Diet and metabolic factors in the pathogenesis of microscopic colitis

PROJECT SUMMARY/ABSTRACT
Microscopic colitis (MC) is a debilitating T-cell-mediated inflammatory disease of the large intestine with an
incidence that now rivals that of inflammatory bowel disease (IBD), but has no FDA-approved therapies.
Emerging evidence supports that MC occurs due to an inappropriate immune response to environmentally-
induced disturbances in the luminal microenvironment. Diet is a critical regulator of the luminal microenvironment
through alteration in gut epithelial integrity, microbiome composition and function, and immune cell activation.
Yet, its role in the pathogenesis of MC remains unknown. Two dietary patterns, the Empiric Dietary Inflammatory
Pattern (EDIP) and the Mediterranean diet, are of particular interest in MC pathogenesis due to their associations
with changes in downstream metabolites, including short chain fatty acids, sphingolipids, and tryptophan
metabolites, that have a plausible mechanistic basis in MC and a known role in the pathogenesis of other models
of colitis. Furthermore, these dietary patterns and downstream metabolic pathways are associated with 1)

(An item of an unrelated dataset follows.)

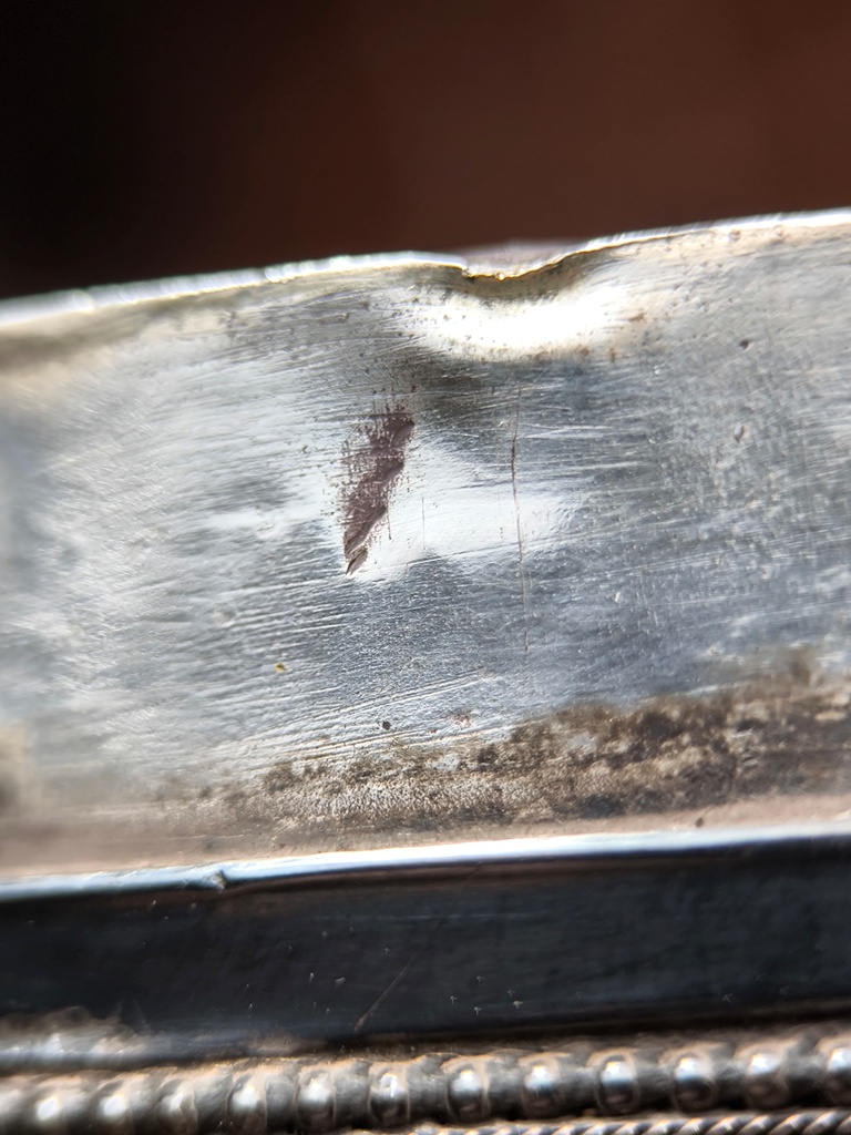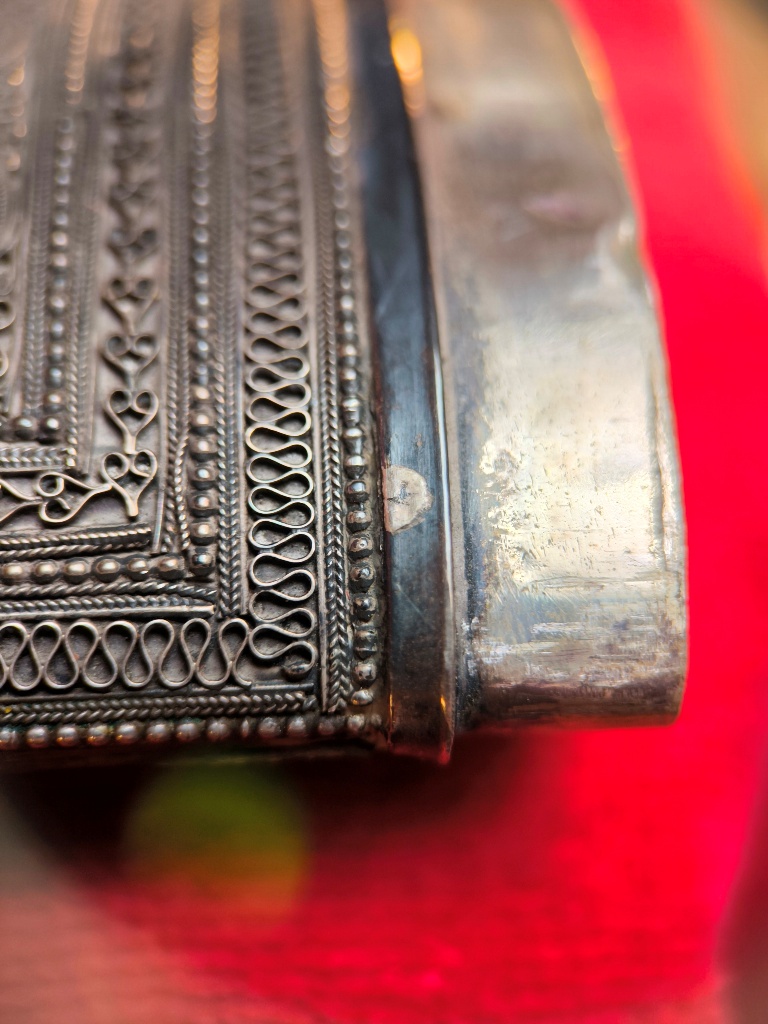 thank you for accepting me here! It is my first post here. I recently bought few late 19th century arms and some older edged arms accesories from a private Swiss collection in conjunction with other items that I was really keen of. I do not think that it will start a new passion for me, but there is at least one arm that I am curious about because I am a fan of the Omani perfume house, Amouage, which had masculine bottles inspired by their Royal Khanjar handle. so, one of the arms is a Khanjar. 32x22cm, 611grams. the scabbard and handle are covered in high-quality silver sheet and filigree work over a wooden core. the filigree features twisted wire, teardrop motifs, and concentric rosettes of very good execution. suspension rings are of the pyramidal cone type. the reverse of the scabbard retains its original natural brown leather backing. what I would like to ask you is if you may help me identify the multiple hallmarks that we may see on the Khanjar. multiple stamps are present on the silver mounts of the scabbard, I tried to catch them on the photos below. additional mark is present on the blade spine, in the photos is the first mark. if you may help me, I am particularly interested in understanding whether these marks indicate a specific region of Oman, a workshop, or an import/export hallmark. thank you for your help! |

systemic inflammatory markers known to be elevated in MC, and 2) incidence, disease activity, and treatment
response of other IBD. Accordingly, our overarching hypothesis is that specific metabolic pathways,
influenced by diet, impact risk of incident disease and treatment outcomes in MC. To test this hypothesis,
we will first examine the associations between derived dietary patterns, EDIP and modified Mediterranean diet
(Aim 1a), and their individual components (Aim 1b) and risk of MC within three population-based cohorts, the
Nurses’ Health Studies and Health Professionals Follow-up Study. Second, within these cohorts we will evaluate
the association between plasma metabolites and risk of MC (Aim 2a), and determine if metabolites mediate the
associations between diet and MC (Aim 2b). Third, we will evaluate metabolites that predict therapeutic response
in a prospective cohort of individuals with incident MC at Massachusetts General Hospital (MGH). We anticipate
this work will provide valuable insight into the pathogenesis of MC, offering the basis for novel dietary therapies
for MC in the future. Further, it will promote the career development of a junior faculty gastroenterologist at MGH
with the long-term career goal of becoming an independent physician-investigator, focused on defining the
etiopathogenesis of disease to inform preventive strategies and treatment algorithms that enhance patient
outcomes. To achieve this goal, this proposal builds on the candidate’s background in epidemiology to provide
focused training in nutritional epidemiology, analysis of metabolomic data to understand implicated biological
pathways, and prospective cohort development. The candidate will thrive with the support of 1) a renowned
mentorship team with expertise in MC, nutritional epidemiology, and metabolomics, 2) experiential and formal
didactic training, and 3) the outstanding scientific environment of the MGH Clinical and Translational
Epidemiology Unit, Harvard School of Public Health, and Broad Institute. By the completion of this award, the
candidate will demonstrate the scientific independence and preliminary data for a successful R01 application.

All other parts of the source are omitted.